(Beginning of Given data)

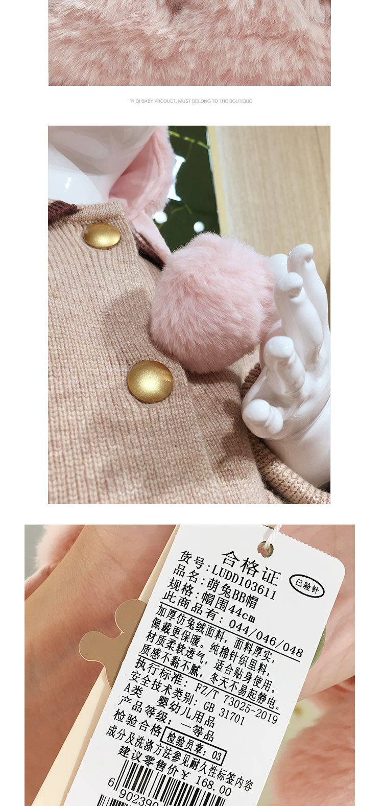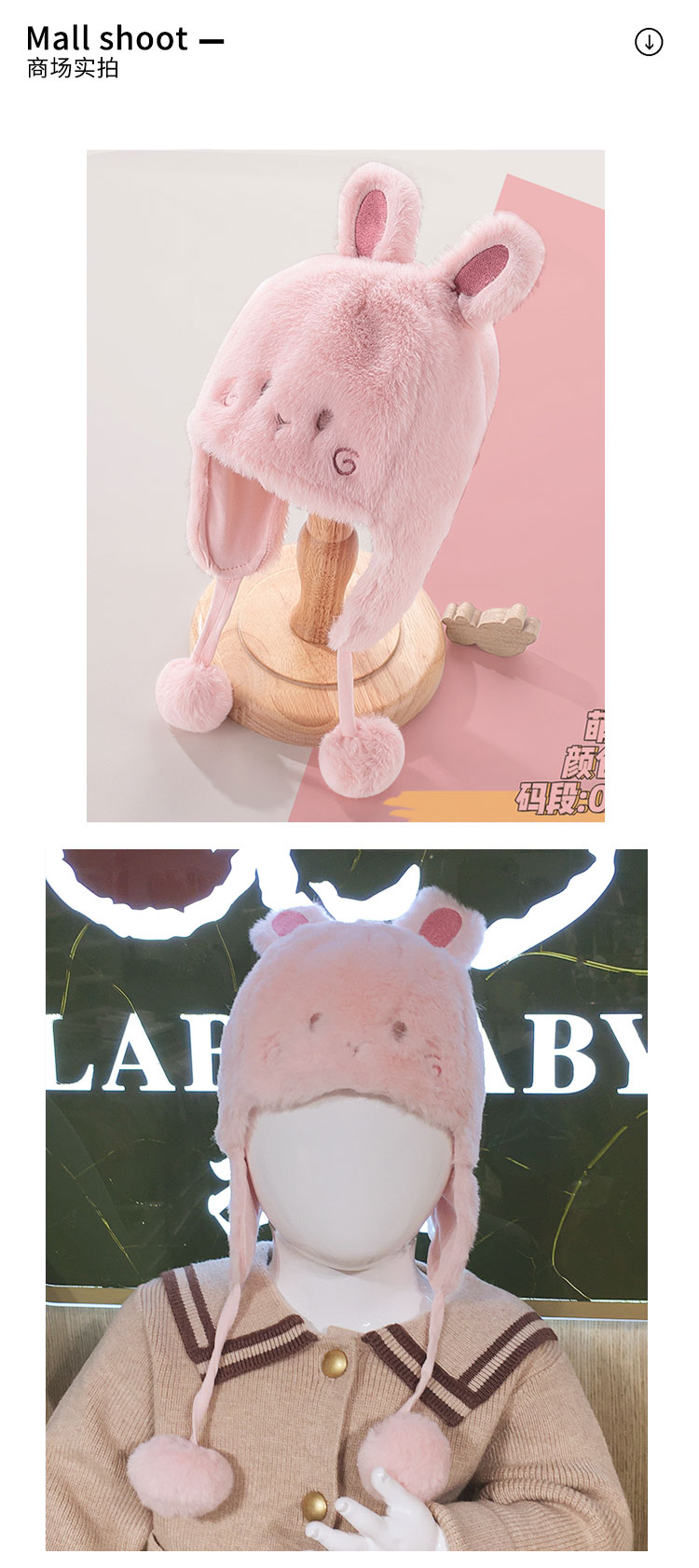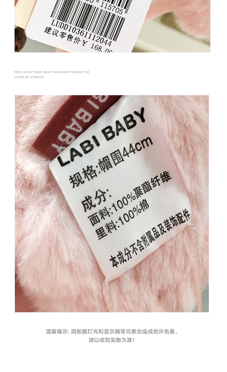 拉比-配饰类(冬)E1萌兔BB帽玫瑰红
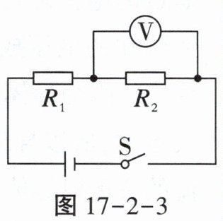 5. 如图17-2-3所示,电源电压恒为12V,电阻$R_{1}$为20Ω,当开关S闭合后,电压表的示数为8V。求:(1)通过电阻$R_{1}$的电流;(2)电阻$R_{2}$的阻值。_____
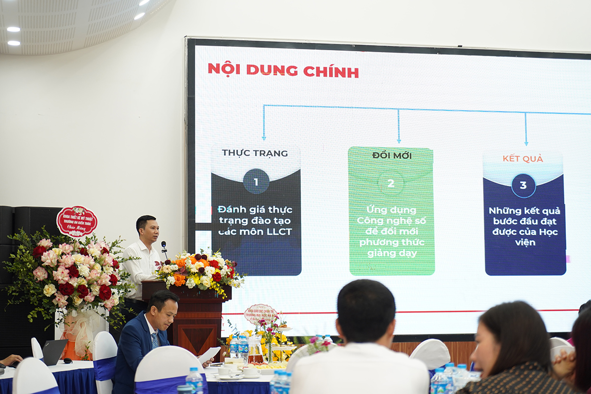 Hội thảo đã thu hút hơn 30 tham luận chất lượng của các giảng viên trong Khoa và các nhà khoa học đến từ nhiều cơ sở đào tạo, nghiên cứu. Nội dung các bài tham luận tập trung phân tích những vấn đề lý luận, thực tiễn đặt ra đối với việc giảng dạy các môn Lý luận chính trị trong bối cảnh chuyển đổi số và hội nhập quốc tế; đồng thời đề xuất những định hướng, giải pháp nhằm nâng cao chất lượng dạy và học, đáp ứng yêu cầu đổi mới giáo dục đại học hiện nay.
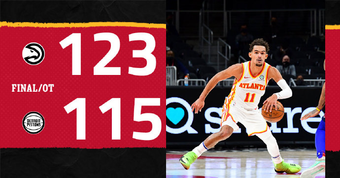 优直播1月21日讯 NBA常规赛活塞对阵老鹰,开场后两队主攻内线连续打平,此后虽然活塞外线找到手感,不过老鹰也紧咬比分,第二节卡佩拉篮下发挥强势帮助老鹰一度反超比分,不过活塞及时稳住局势仍旧以52-45领先结束上半场。下半场虽然特雷-杨火力全开为老鹰追分,并且他们一度将分差缩小到只差3分,但活塞三节结束前打出一波11-0的高潮将分差拉大到两位数,第四节两队进攻都手感不佳,特雷-杨在最后时刻连续制造犯规犯规追分并且助攻卡佩拉空接扳平比分,两队进入加时大战。加时赛中老鹰发挥更胜一筹,最终老鹰加时123-115逆转活塞。

(End of Given data)

**What the exercise asks**:
Omit every picture while copying the listing above exactly.

**Exercise result**:
 拉比-配饰类(冬)E1萌兔BB帽玫瑰红
 5. 如图17-2-3所示,电源电压恒为12V,电阻$R_{1}$为20Ω,当开关S闭合后,电压表的示数为8V。求:(1)通过电阻$R_{1}$的电流;(2)电阻$R_{2}$的阻值。_____
 Hội thảo đã thu hút hơn 30 tham luận chất lượng của các giảng viên trong Khoa và các nhà khoa học đến từ nhiều cơ sở đào tạo, nghiên cứu. Nội dung các bài tham luận tập trung phân tích những vấn đề lý luận, thực tiễn đặt ra đối với việc giảng dạy các môn Lý luận chính trị trong bối cảnh chuyển đổi số và hội nhập quốc tế; đồng thời đề xuất những định hướng, giải pháp nhằm nâng cao chất lượng dạy và học, đáp ứng yêu cầu đổi mới giáo dục đại học hiện nay.
 优直播1月21日讯 NBA常规赛活塞对阵老鹰,开场后两队主攻内线连续打平,此后虽然活塞外线找到手感,不过老鹰也紧咬比分,第二节卡佩拉篮下发挥强势帮助老鹰一度反超比分,不过活塞及时稳住局势仍旧以52-45领先结束上半场。下半场虽然特雷-杨火力全开为老鹰追分,并且他们一度将分差缩小到只差3分,但活塞三节结束前打出一波11-0的高潮将分差拉大到两位数,第四节两队进攻都手感不佳,特雷-杨在最后时刻连续制造犯规犯规追分并且助攻卡佩拉空接扳平比分,两队进入加时大战。加时赛中老鹰发挥更胜一筹,最终老鹰加时123-115逆转活塞。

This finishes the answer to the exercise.